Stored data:
*** Block opens ***

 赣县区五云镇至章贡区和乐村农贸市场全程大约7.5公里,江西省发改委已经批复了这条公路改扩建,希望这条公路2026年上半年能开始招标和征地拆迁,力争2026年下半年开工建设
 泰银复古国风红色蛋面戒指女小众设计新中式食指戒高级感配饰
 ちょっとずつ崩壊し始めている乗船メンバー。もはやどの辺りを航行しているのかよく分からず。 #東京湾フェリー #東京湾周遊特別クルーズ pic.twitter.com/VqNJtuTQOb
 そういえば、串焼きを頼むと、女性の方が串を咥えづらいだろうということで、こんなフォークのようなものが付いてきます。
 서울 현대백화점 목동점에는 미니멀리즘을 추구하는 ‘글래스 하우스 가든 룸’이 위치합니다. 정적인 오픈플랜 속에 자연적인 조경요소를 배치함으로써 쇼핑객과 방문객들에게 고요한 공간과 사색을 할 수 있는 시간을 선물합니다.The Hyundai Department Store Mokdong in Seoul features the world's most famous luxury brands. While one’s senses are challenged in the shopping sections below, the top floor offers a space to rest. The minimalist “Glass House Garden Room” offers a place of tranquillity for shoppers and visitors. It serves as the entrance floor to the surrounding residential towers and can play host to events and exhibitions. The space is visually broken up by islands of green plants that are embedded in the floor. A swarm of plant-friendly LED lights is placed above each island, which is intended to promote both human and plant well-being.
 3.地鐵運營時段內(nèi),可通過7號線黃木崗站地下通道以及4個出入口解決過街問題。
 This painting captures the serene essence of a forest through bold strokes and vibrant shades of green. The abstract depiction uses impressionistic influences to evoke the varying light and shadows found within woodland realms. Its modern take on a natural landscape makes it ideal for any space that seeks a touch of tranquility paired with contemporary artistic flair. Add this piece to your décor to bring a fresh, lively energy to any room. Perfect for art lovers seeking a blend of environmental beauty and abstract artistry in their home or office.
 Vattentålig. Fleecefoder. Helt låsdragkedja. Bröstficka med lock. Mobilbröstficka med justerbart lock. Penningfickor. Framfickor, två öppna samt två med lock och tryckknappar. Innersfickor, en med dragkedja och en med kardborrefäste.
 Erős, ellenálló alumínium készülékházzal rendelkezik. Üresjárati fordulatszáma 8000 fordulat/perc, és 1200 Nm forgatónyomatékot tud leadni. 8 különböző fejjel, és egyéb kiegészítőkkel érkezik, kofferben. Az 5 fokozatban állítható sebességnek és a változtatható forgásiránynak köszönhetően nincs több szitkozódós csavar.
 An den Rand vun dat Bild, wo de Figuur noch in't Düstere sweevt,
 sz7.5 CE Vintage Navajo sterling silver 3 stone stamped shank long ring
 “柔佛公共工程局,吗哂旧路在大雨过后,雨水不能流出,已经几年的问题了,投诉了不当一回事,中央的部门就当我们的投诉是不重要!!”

*** Block closes ***

WHAT TO PRODUCE:
Between the first line of the entries above and the line with "3.地鐵運營時段內(nèi)", both included, copy every line exactly and nothing outside that range.

RESPONSE TO THE EXERCISE:
 赣县区五云镇至章贡区和乐村农贸市场全程大约7.5公里,江西省发改委已经批复了这条公路改扩建,希望这条公路2026年上半年能开始招标和征地拆迁,力争2026年下半年开工建设
 泰银复古国风红色蛋面戒指女小众设计新中式食指戒高级感配饰
 ちょっとずつ崩壊し始めている乗船メンバー。もはやどの辺りを航行しているのかよく分からず。 #東京湾フェリー #東京湾周遊特別クルーズ pic.twitter.com/VqNJtuTQOb
 そういえば、串焼きを頼むと、女性の方が串を咥えづらいだろうということで、こんなフォークのようなものが付いてきます。
 서울 현대백화점 목동점에는 미니멀리즘을 추구하는 ‘글래스 하우스 가든 룸’이 위치합니다. 정적인 오픈플랜 속에 자연적인 조경요소를 배치함으로써 쇼핑객과 방문객들에게 고요한 공간과 사색을 할 수 있는 시간을 선물합니다.The Hyundai Department Store Mokdong in Seoul features the world's most famous luxury brands. While one’s senses are challenged in the shopping sections below, the top floor offers a space to rest. The minimalist “Glass House Garden Room” offers a place of tranquillity for shoppers and visitors. It serves as the entrance floor to the surrounding residential towers and can play host to events and exhibitions. The space is visually broken up by islands of green plants that are embedded in the floor. A swarm of plant-friendly LED lights is placed above each island, which is intended to promote both human and plant well-being.
 3.地鐵運營時段內(nèi),可通過7號線黃木崗站地下通道以及4個出入口解決過街問題。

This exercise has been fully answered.